Just got my hedgie on Christmas Eve and it seems to me like she's not eating? I guess I'm just going by the looks of the bowl, the food level doesn't seem to be getting lower. But she's pooping so does that mean she has to be eating?

Also, I got some natural balance for her and it came with 4 free cans of wet food. Can I try giving her that or should I wait till she's eating on a consistent schedule?

Thanks, sorry for being such a newbie.


----------



## susanaproenca (Aug 14, 2010)

Don't be sorry, it's good you're asking questions. 

She might be eating very little. It's normal for hedgies in new homes to eat little or not eat at all. Count all the kibble you put in her cage and count again the next morning to see if she has eaten overnight. 

I'll let someone else answer about the wet food but I think it would be ok to offer that.


----------



## bnk28 (Dec 19, 2010)

Thanks alot! I never thought about counting it, good idea.

Thanks!


----------



## Hedgiepets (Aug 21, 2008)

Are you feeding her the same food she was eating at the breeders? You should never change food drastically, instead slowly over a couple of weeks.


----------



## Olympia (Aug 4, 2010)

Do you change her food every day? You should throw away what she hasn`t eaten once a day and give her fresh kibbles.


----------



## Netterz (Jan 2, 2011)

I was having the same problem with mine. The "breeder" was feeding her a mix between Iams wet kitten canned food (chicken flavored) and kitten milk replacement. So I was doing that a couple days ago and scooping it in a spoon and placing in front of her and she'd lick it off. Now I'm trying to introduce her to dry food, which seems to be slowly working and I crushed up (blender lol) dry kitten food and sprinkled it on top of the spoon. She's been making a very good attempt to chomp the food up!


----------



## hedgielover (Oct 30, 2008)

most hedgehogs do not eat very much when they are in a new environment. You should not make any dietary changes or additions for the first week or two while she is settling in, so no do not add the wet food. 

Count out 100 kibbles and leave them in the dish. The next day count again and replace. Do this every day at about the same time and you will get an idea of how much she is eating over a 24 hour period. If she doesn't eat any of the kibbles put them in her bed with her (either place the dish under the hide/blanket or put the kibbles there loose. If she eats all of them start giving her more than 100. 

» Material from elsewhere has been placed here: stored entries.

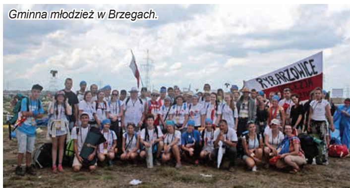
Gminna młodzież w Brzegach.

Jednym z bardziej wyczekiwa-nych religijnych wydarzeń tegorocz-nych wakacji w Polsce były niewąt-pliwie Światowe Dni Młodzieży, które jak wiadomo tym razem odbywały się w Krakowie. Światowe Dni Młodzie-ży rozpoczęły tak zwane Dni w Die-cezjach, podczas których także i na-sza gmina gościła młodzież z za-granicy była to młodzież z Francji, z diecezji Saint Denis. Minione wy-darzenia były okazją do integracji międzykulturowej, zdobycia nowych doświadczeń, a przede wszystkim czasem wspólnej modlitwy.
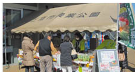
店舗前にブースを構えて販売

青壮年部とJ A生産販売部営業課は、3月11日・12日、東京都三鷹市のJ A東京むさし三鷹緑化センターで「雪中貯蔵りんご」を中心に農産物や加工品を販売し、J Aや青壮年部活動をPRしました。
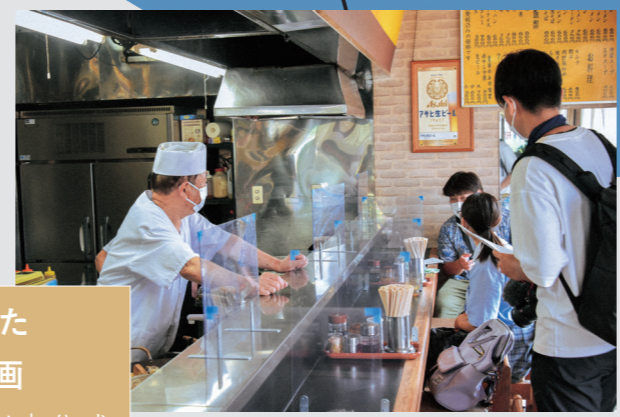
▶中華料理きらくへの取材 (7月)
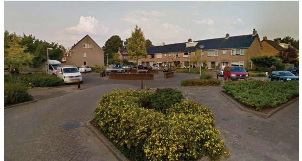
Plein Van Breelaan, gezien vanaf de zuidzijde
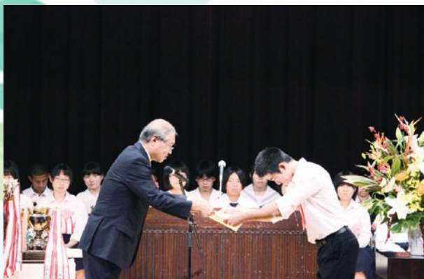
島根県教育委員会教育長賞授与
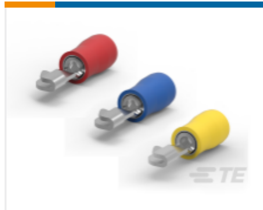
TE 产品编号8-32446-1 PIDG Knife Disconnect Splices
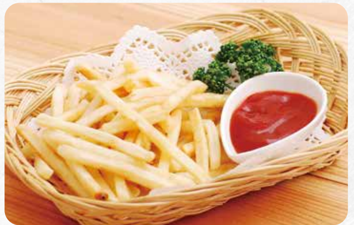
ポテトフライ..... 700円 小麦
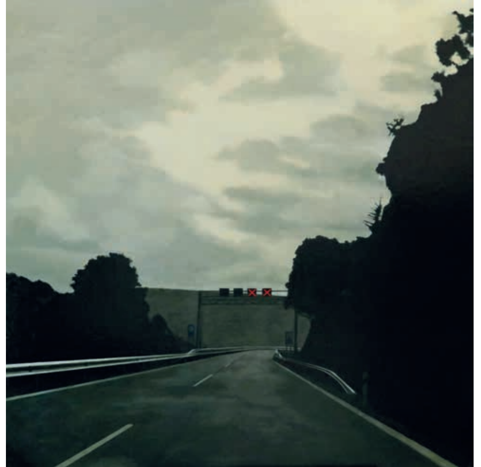
A4, DESPEÑAPERROS · óleo sobre lino, 114 x 114 cm, 2023
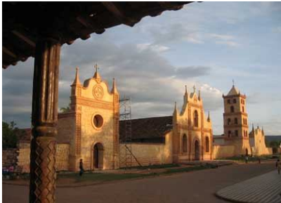
Complejo Misional Jesuítico
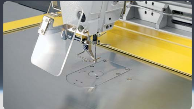
Sewing area TC 6040 G // Nähbereich TC 6040 G
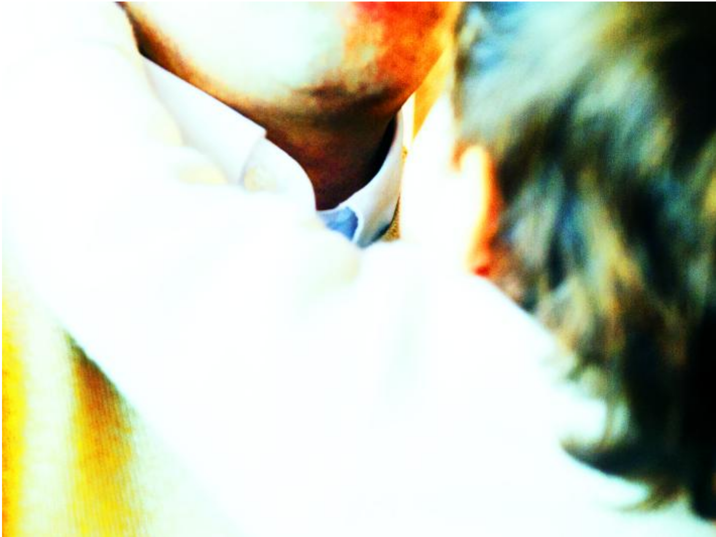
Marina Ballo Charmet Tatay #02, 2022-23, ink jet print su Dibond.

Luce e oggetto-luogo percettivo dunque, elementi fondamentali della poetica dell'artista. Obiettivo: rendere presente ciò che c'è, proprio così com'è. E in Tatay la tangenza è punto di singolarità necessaria al legame, perché determina il canale di ogni possibile scambio tra il padre e il figlio (la zona fenogliana tra i due nervi che abbiamo dietro il collo). Al contempo, il contatto-confine è espressione della funzione paterna di rivelare al figlio l'esperienza dell'impossibile, cioè l'idea del limite. La ritroviamo per esempio nelle braccia adulte che contengono o nel corpo adulto che delimita un orizzonte.
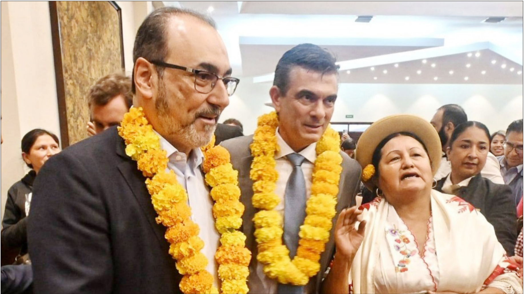
CRÉDITO DE LA CAF PARA PLANTA DE TRATAMIENTO, EMPEZARÁ A TRATARSE POR LOS PARLAMENTARIOS.
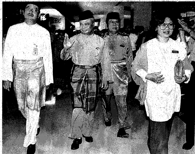
PENUHI TANGGUNGJAWAB: Tun Ghafar ketika menghadiri persidangan Pergerakan Pemuda dan Wanita Umno pada 1989.
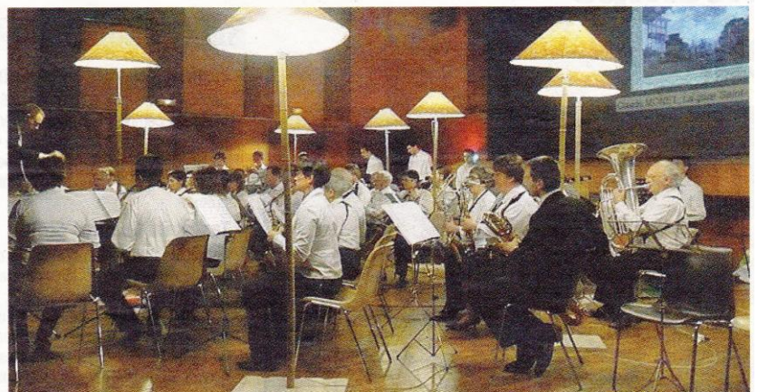
La Lyre Fraternelle a donné un concert spectaculaire.

Around the world d'Otto Schwarz inaugura ce concert. La gare St Lazare, tableau de Monet, embarqua l'assistance pour un tour du monde musical. D'un continent à l'autre, chaque sonorité incarnant un pays trouva un écho dans une toile de maître. Pomp et circonstance d'Edouard Edgar et la peinture historique anglaise, illustrant la gloire de l'empire britannique

If she hasn't eaten anything for two or three nights you need to syringe feed her. There are lots of threads about it and lots of people here have done it so we can help you if it comes to that.


----------



## Ophelia (Dec 10, 2010)

When I first got my hedgehog, it took her a while to start eating. I hardly even noticed what was gone. Now that she's been here for a couple weeks, she can chow down a whole dish of food. o.o I was a little worried about it at first, but I took it as a sign she's finally settling down. Your baby won't act as she normally does for the first while, give her some time.  But it's also a good idea to keep track of how much she's eating/drinking.


----------